For the standardized definition of L5 layer attributes in the data directory, by completing the business attributes (name, business rules, etc.), technical attributes (data type, length, etc.) and management attributes (data maintenance responsible person, data steward, etc.) Form data standards.
insert image description here

  1. data model

insert image description here

Build data models based on data standards. The figure above shows the data model of the procurement domain, and each field in the model forms a mapping relationship with the data standard.

(1) Data model design: ONE ID logic design

insert image description here

Based on the above data model, build data applications in combination with actual business. Taking the procurement domain as an example, a comprehensive portrait of each supplier, including financial information, operating status, business information and other dimensions, constitutes a service model of supply chain finance.

(2) The data model is the core position of the data platform

The data model is the core data asset of the data center, which is related to basic data integration, development efficiency, and data quality. The data middle platform mainly includes ODS layer, DWS/DWD layer, and data mart layer, etc. The standardization and flexibility of these middle layer model design determine the management and application efficiency of data assets.

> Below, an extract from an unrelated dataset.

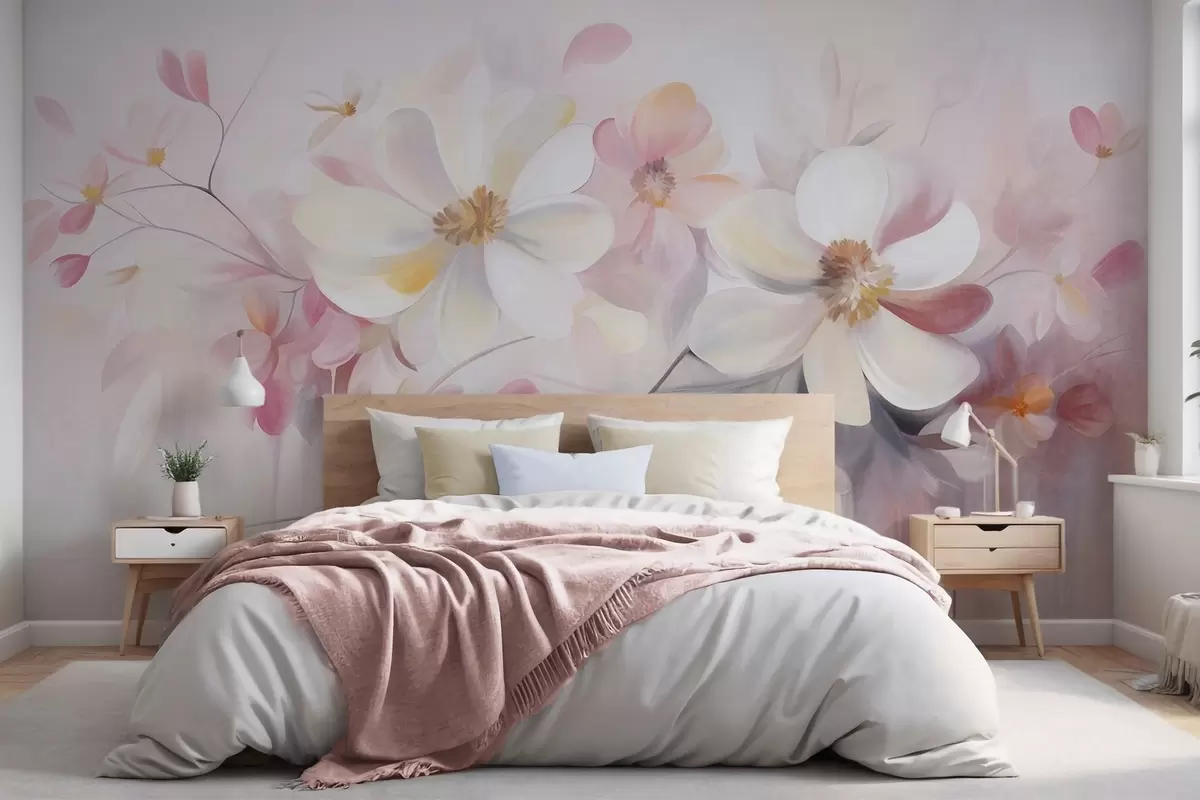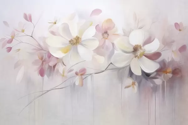 Murais de parede Arte com textura de flores brancas e cor-de-rosa com pétalas delicadas, fundo abstrato e suave Nr. w09811

Therefore, how to integrate the data model is a sign of the success of the data center.

insert image description here

(3) Comprehensively manage and upgrade model data assets

In traditional data model construction, developers often implement corresponding functions through SQL scripts based on business logic, convert them into stored procedures, and then realize data transformation through task scheduling. This method is flexible and easy to implement, but it will bring troubles to subsequent data asset sorting, data quality inspection, and data repair and other related work.

insert image description here

Therefore, with the data model as the core, through the management of the platform model in the data, the transformation from the silo-style code development to the model-driven code development stage is realized. Realized the transformation of model-driven data model assetization, reviewable development process, code quality and reliability, etc., making the middle office become the precipitation and release center of enterprise data assets, and then form the influence of industry models.

(4) Integrated modeling architecture

insert image description here

From the perspective of data strategy, related modules such as business process, business architecture, data responsibility, data security, and entry standards are carried on the business model; further, the business model is realized through the implementation of the data model, and the model review is carried out in combination with the corresponding enterprise standards , and the data model that passes the review is published as a data asset catalog, and finally enters the data lake.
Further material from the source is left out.